As a best case scenario, the chargeback is fraudulent. In this case you could always try to fight the chargeback (or not, I’m not to clear on how such things work) if you could prove the email that booked the stay is somehow connected to the legitimate owner of the credit card.

This is going to make recovering your funds damn near impossible, sorry to say. Even if you can locate the cardholder, without verification that they were the actual party that handed you the card (you saying so won’t cut it), you’re pretty much screwed.

I know it’s 20/20 hindsight, but part of my job entails investigating credit card chargebacks. Merchants have told me they don’t check ID’s or even compare signatures with those on the card because “it’s a pain” or they’re “too busy.”
Without even a signature, the only thing I can tell them is this: You’ve just learned a lesson about how not to do business from now on.

Unless the fraud was significant, many hundreds or thousands of dollars, I doubt the local police are going to do much about it, unless you can point them to the person that caused it. My guess is that you’ve already spent more time and energy on this than the value of the fraud itself.

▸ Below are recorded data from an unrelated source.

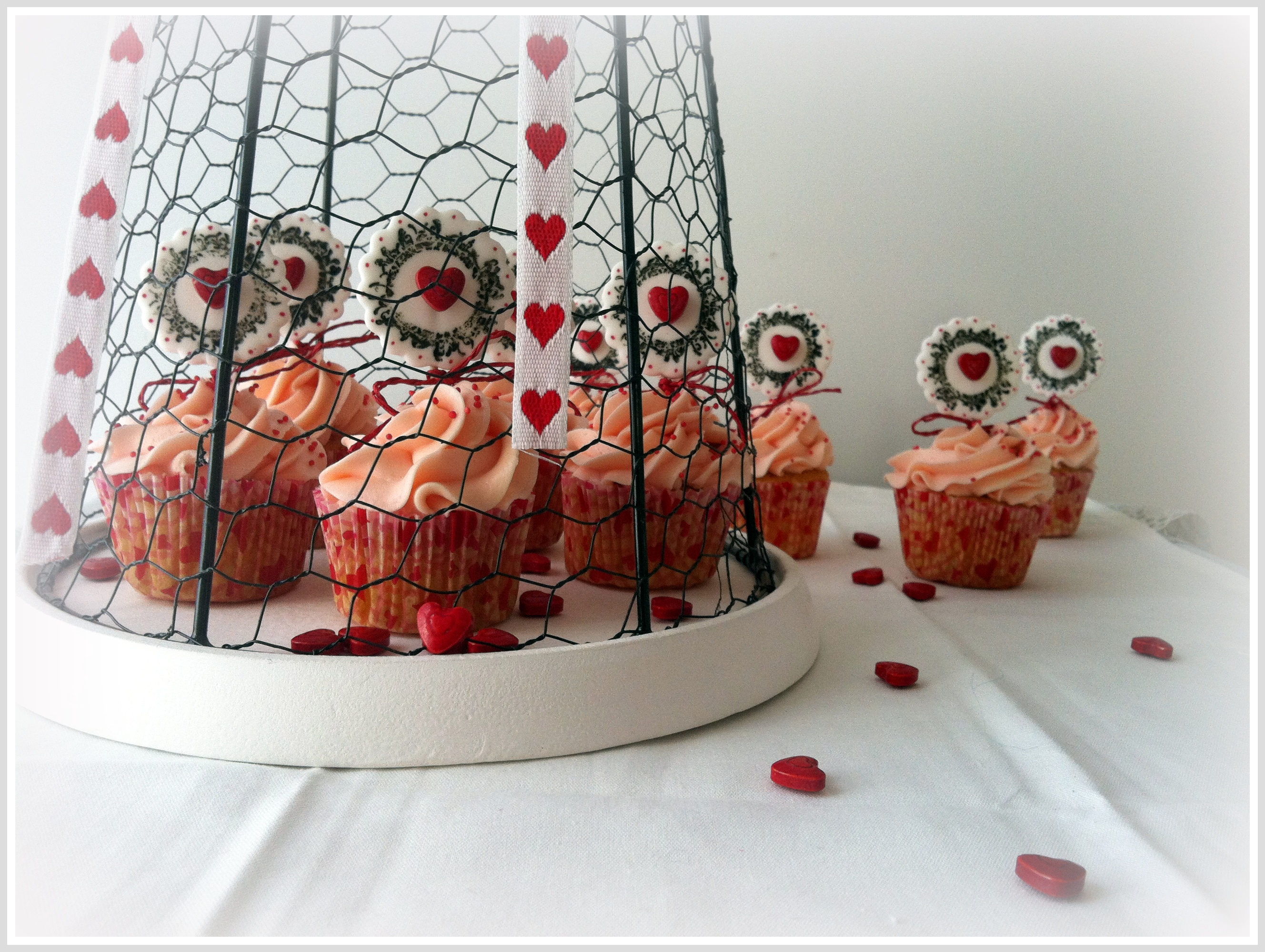 A pesar de que yo no he celebrado San Valentín nunca, mi retina ha sucumbido a las miles de imágenes «sanvalentinianas» que invaden estos días la red y lo que no es red, y mandó a mi cerebro la orden para hacer estos cupcakes que hoy publico. Como muchos sí lo celebráis, os dejo mi propuesta más amorosa por si os animáis y os sirve de idea.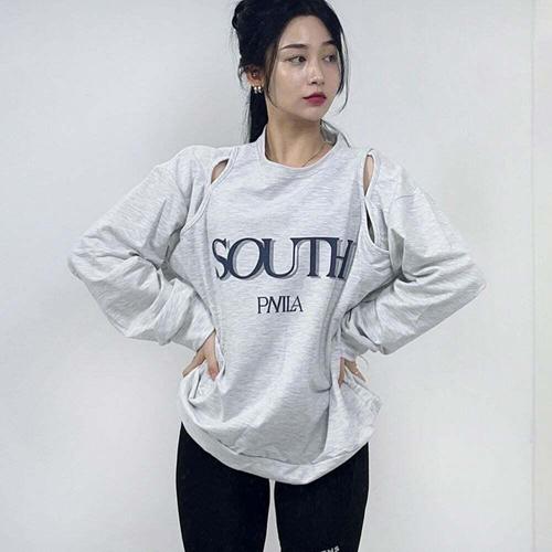 [셀럽하우스]오버핏 ODZC3730 사우스 레터링 어깨 트임 맨투맨 긴팔 티셔츠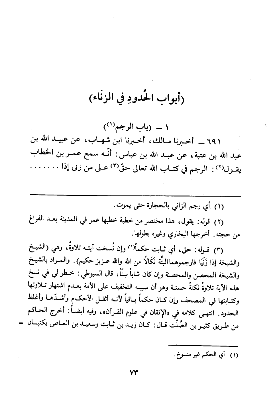 691 - أَخْبَرَنَا مَالِكٌ، أَخْبَرَنَا ابْنُ شِهَابٍ، عَنْ عُبَيْدِ اللَّهِ بْنِ عَبْدِ اللَّهِ بْنِ عُتْبَةَ، عَنْ عَبْدِ اللَّهِ بْنِ عَبَّاسٍ: أَنَّهُ سَمِعَ عُمَرَ بْنَ الْخَطَّابِ يَقُولُ (¬2) : الرَّجْمُ فِي كِتَابِ اللَّهِ تعالى حقّ (¬3) على من زنى إذا

You might want to focus your energy on training your desk clerks how to recognize fraud before it happens. Many local police departments have classes or special units that will come to your business to talk to your employees about common fraud techniques.

I don’t recall ever staying at a hotel where the clerk didn’t ask to see my drivers’ license and the registration form always included the plate # of my car (though I suppose a fraudster could just fake that), usually taking down the drivers license #.

I don’t see where you have any real idea who perpetrated the fraud. Seems like the card was stolen and the real owner has rightfully challenged the charges. You don’t have a picture of any kind from security cameras. Your receptionist should have asked for picture ID and taken a photocopy, but she didn’t ask for ID or even a signature. Signature on ID should match credit card and registration form. If credit card is unsigned or says ‘see ID’ refuse it. Tracing an IP address is just wasting your time.

Sounds like staff training is in order, you’ve already paid for part of it.

Is it worth trying to get a warrant to ask Microsoft to reveal who is the holder of that @live account? That’s about the only thing you can do. This involves going to a judge to get a warrant, and you’ll need to hire a lawyer. That might not make this type of thing worth tracing. Besides, I don’t even know if Microsoft could offer you anything more. They might not require an verifiable information to create this email account.

Did the person use your hotel phone? Maybe you have records about what numbers he called.

The police won’t do anything unless you’re willing to press charges and know whom to press charges against. I take it that the hotel bill is less than $1000, so to the police, it’s small stuff. They have more serious crimes to investigate.

Maybe check with other merchants in the area. It’s possible that this dirtbag used the same card to buy groceries, gas, booze, etc. on her little all expenses paid vacation. The sum of all your information might help.

You could find him but it wouldn’t be worth the money spent.

To get an email address you’d have to first get a warrent and have Microsoft issue you the IP address of the place where the email went through. This assumes they went straight through and didn’t use a proxy.

Then you’d get an IP address and have to resolve it (easy) find the ISP and get another warrent to disclose the person who has that account.

Then you’d have to prove THAT person made the reservation. Suppose it’s an internet cafe? or a public library? Even with that information the person could say, “Oh it wasn’t mean, I guess I never signed off my computer.”

At the Chicago Public Library people do it all the time, instead of ending their session, they just get up from the computer and close the browser, but until they end their session or the time limit is up that session is registered to a library card number.

And then it’s just a number, you could easily memorize someone’s number from seeing their library card.

If you had gotten proper signature, and authorization it would’ve been the credit card company that took the loss not the merchant.

Write it off your taxes and write the clerk up so he/she learns proper procedure.